#### [What is required]
Would you copy exactly the lines in the data below from the one that has "通过荆州区武装部组织的体检、" through the one that has "新宿御苑の脇にある友達の事務", dropping any pictures?

#### [Data]
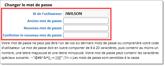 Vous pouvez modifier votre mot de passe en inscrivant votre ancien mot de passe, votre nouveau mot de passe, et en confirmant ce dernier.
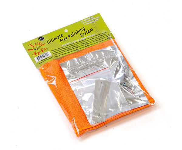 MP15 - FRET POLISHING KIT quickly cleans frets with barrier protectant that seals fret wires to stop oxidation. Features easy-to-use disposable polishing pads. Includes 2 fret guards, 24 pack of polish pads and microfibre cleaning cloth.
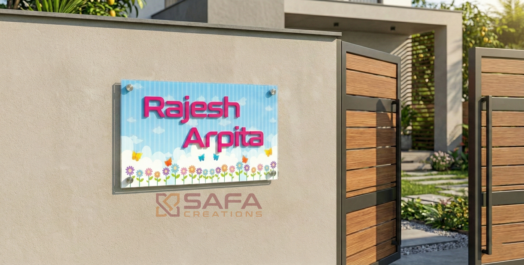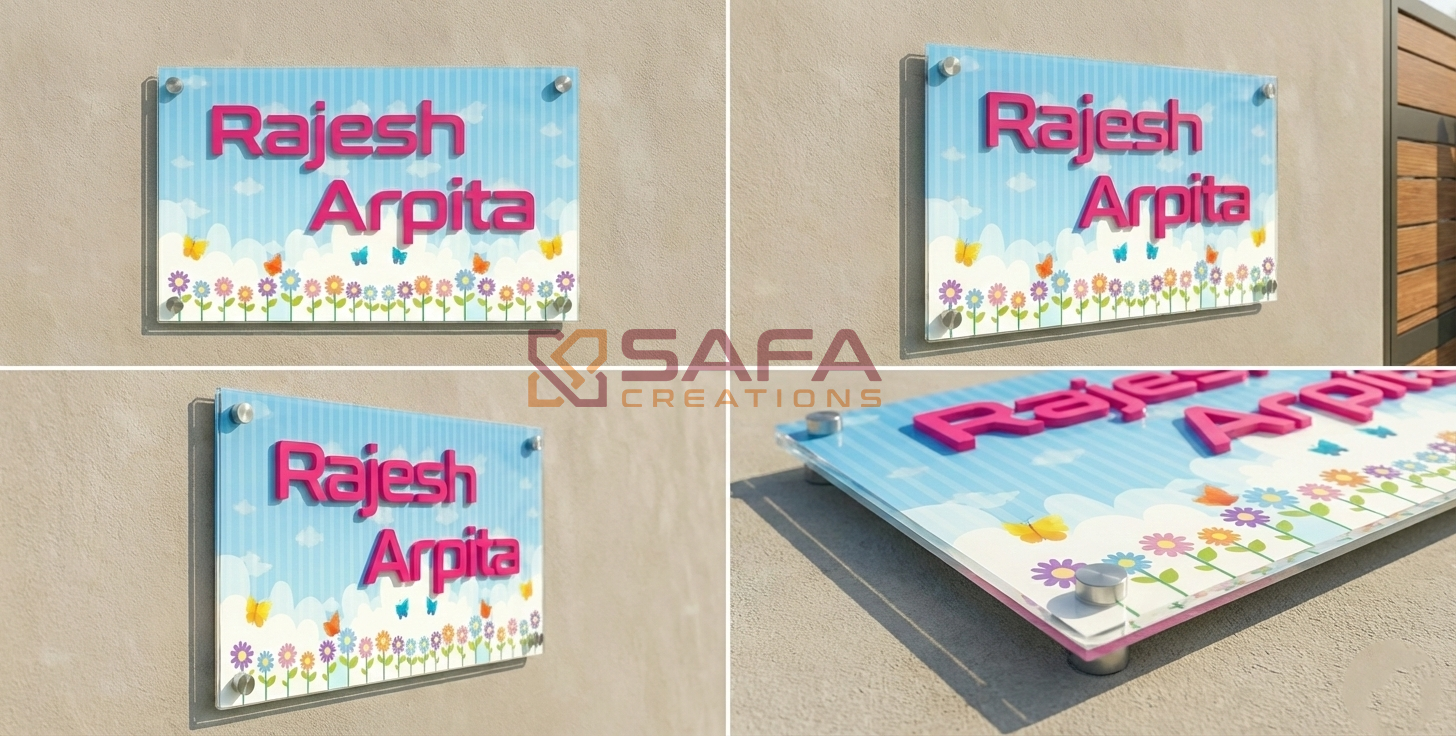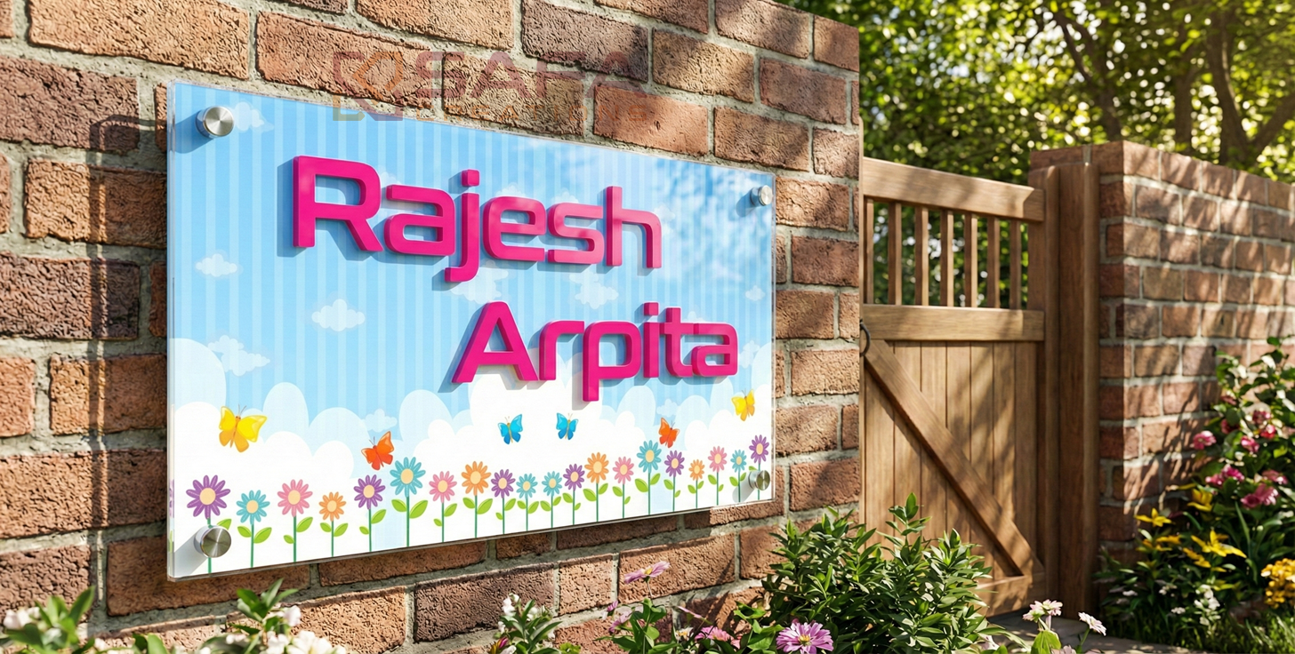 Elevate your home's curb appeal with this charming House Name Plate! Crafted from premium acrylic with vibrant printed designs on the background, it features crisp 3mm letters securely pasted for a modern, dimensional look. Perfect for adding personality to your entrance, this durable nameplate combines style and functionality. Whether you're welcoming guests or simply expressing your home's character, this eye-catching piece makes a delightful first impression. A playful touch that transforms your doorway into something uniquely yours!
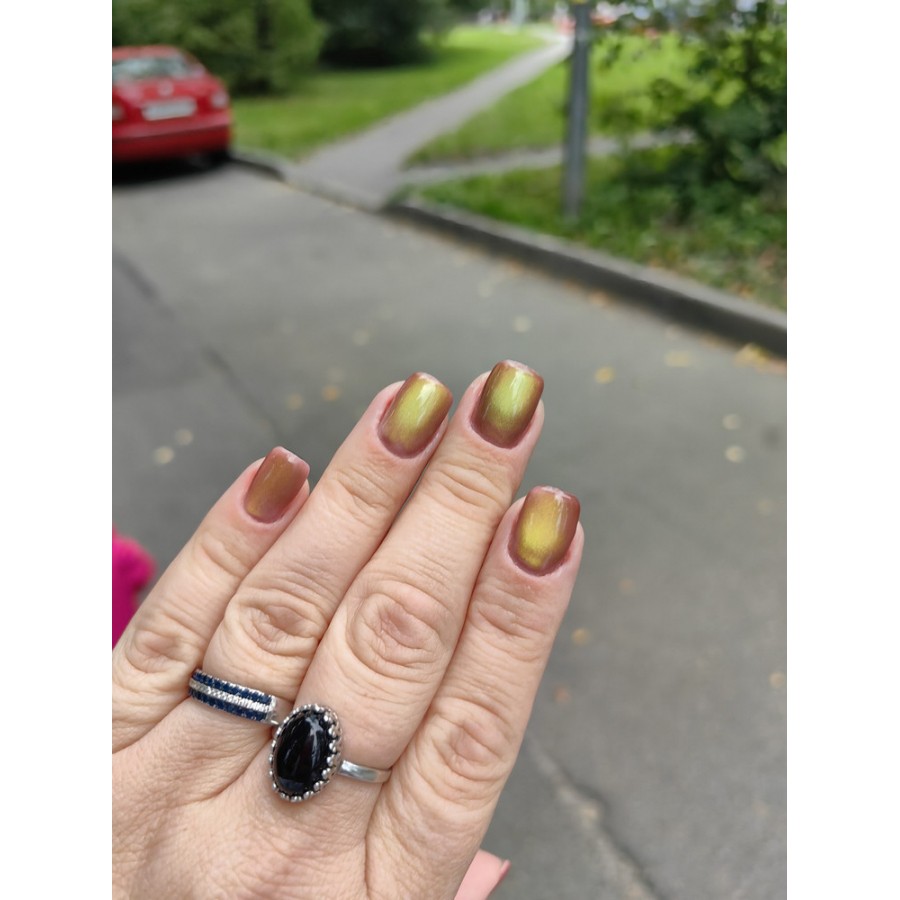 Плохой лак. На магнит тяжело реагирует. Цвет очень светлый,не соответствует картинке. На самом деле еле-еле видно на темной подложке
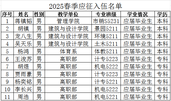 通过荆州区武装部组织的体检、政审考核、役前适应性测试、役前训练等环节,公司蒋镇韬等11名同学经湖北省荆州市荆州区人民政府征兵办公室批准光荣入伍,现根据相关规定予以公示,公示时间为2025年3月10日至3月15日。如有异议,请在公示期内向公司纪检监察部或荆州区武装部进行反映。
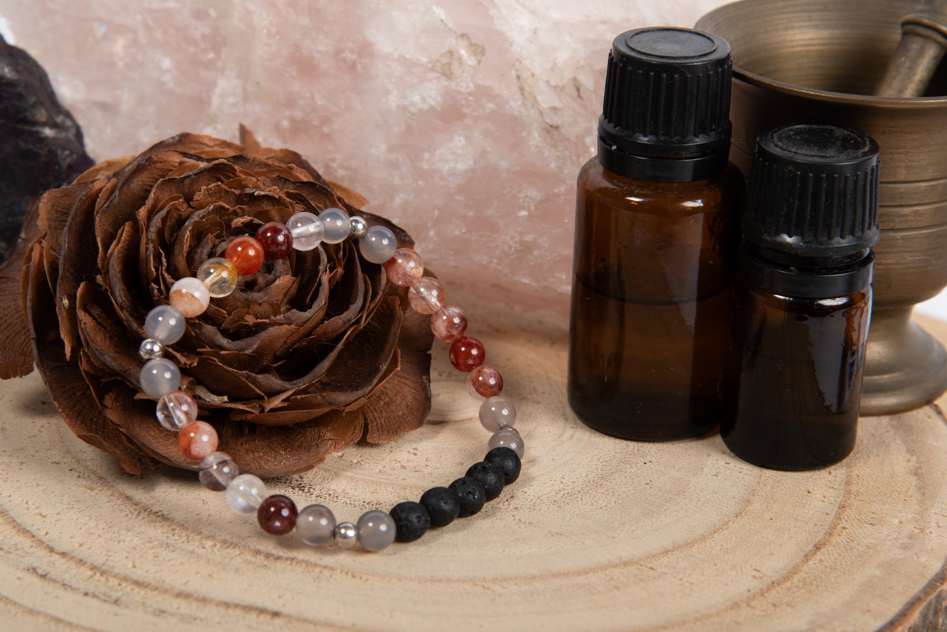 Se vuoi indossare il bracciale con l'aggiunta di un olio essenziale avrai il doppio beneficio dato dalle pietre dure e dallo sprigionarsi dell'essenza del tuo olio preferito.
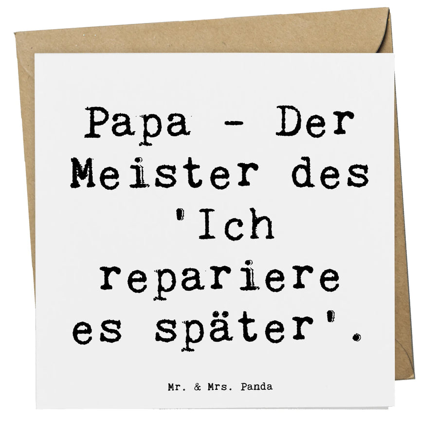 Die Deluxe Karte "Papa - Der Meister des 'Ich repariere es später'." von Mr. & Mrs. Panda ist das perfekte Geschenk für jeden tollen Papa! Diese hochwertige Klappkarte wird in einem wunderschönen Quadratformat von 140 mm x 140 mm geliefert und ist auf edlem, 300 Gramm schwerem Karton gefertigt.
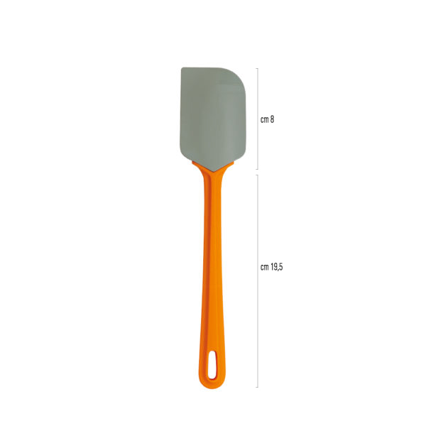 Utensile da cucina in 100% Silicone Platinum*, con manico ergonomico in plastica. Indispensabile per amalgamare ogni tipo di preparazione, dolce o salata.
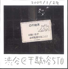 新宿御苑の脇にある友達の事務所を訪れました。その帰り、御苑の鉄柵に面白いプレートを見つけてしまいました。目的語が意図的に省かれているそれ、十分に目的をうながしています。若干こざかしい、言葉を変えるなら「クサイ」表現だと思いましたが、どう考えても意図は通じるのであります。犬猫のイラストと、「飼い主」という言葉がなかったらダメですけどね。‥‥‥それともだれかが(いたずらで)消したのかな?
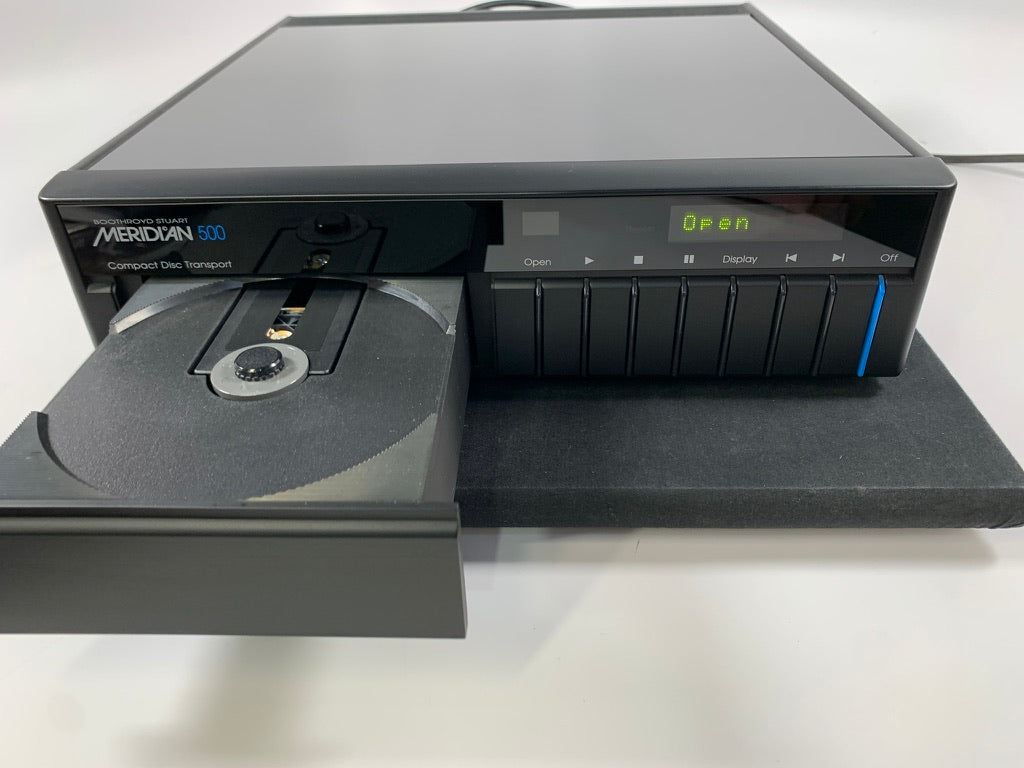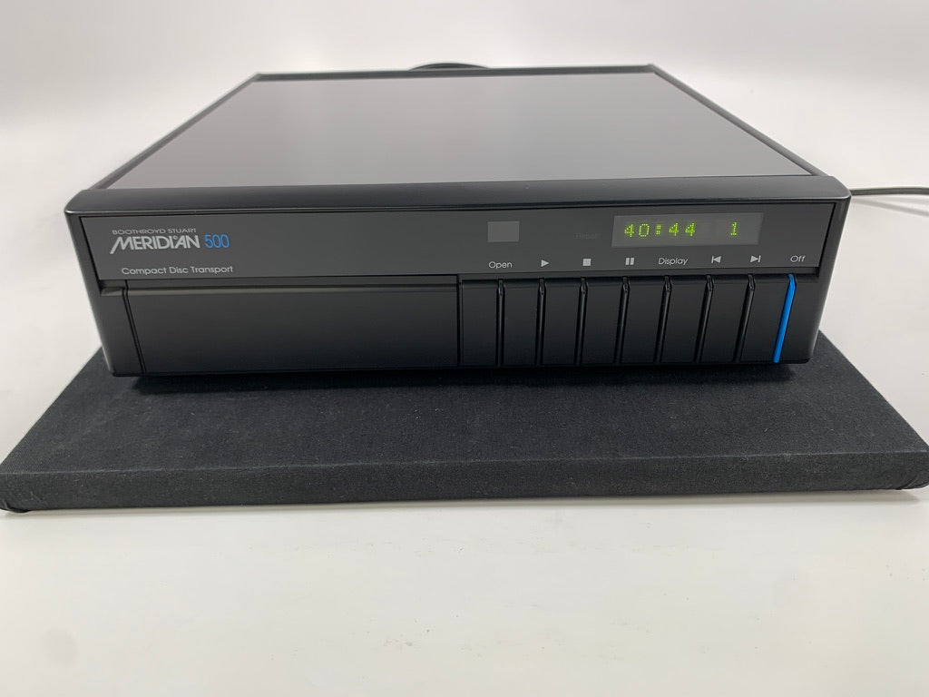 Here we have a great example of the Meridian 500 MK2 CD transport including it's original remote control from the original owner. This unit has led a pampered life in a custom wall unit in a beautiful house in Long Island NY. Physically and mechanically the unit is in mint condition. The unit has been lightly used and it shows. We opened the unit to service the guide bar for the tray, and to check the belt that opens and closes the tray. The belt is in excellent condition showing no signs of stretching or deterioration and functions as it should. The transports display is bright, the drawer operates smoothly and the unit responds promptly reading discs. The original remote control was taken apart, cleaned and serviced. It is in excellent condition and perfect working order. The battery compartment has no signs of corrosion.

#### [Task output]
 通过荆州区武装部组织的体检、政审考核、役前适应性测试、役前训练等环节,公司蒋镇韬等11名同学经湖北省荆州市荆州区人民政府征兵办公室批准光荣入伍,现根据相关规定予以公示,公示时间为2025年3月10日至3月15日。如有异议,请在公示期内向公司纪检监察部或荆州区武装部进行反映。
 Se vuoi indossare il bracciale con l'aggiunta di un olio essenziale avrai il doppio beneficio dato dalle pietre dure e dallo sprigionarsi dell'essenza del tuo olio preferito.
 Die Deluxe Karte "Papa - Der Meister des 'Ich repariere es später'." von Mr. & Mrs. Panda ist das perfekte Geschenk für jeden tollen Papa! Diese hochwertige Klappkarte wird in einem wunderschönen Quadratformat von 140 mm x 140 mm geliefert und ist auf edlem, 300 Gramm schwerem Karton gefertigt.
 Utensile da cucina in 100% Silicone Platinum*, con manico ergonomico in plastica. Indispensabile per amalgamare ogni tipo di preparazione, dolce o salata.
 新宿御苑の脇にある友達の事務所を訪れました。その帰り、御苑の鉄柵に面白いプレートを見つけてしまいました。目的語が意図的に省かれているそれ、十分に目的をうながしています。若干こざかしい、言葉を変えるなら「クサイ」表現だと思いましたが、どう考えても意図は通じるのであります。犬猫のイラストと、「飼い主」という言葉がなかったらダメですけどね。‥‥‥それともだれかが(いたずらで)消したのかな?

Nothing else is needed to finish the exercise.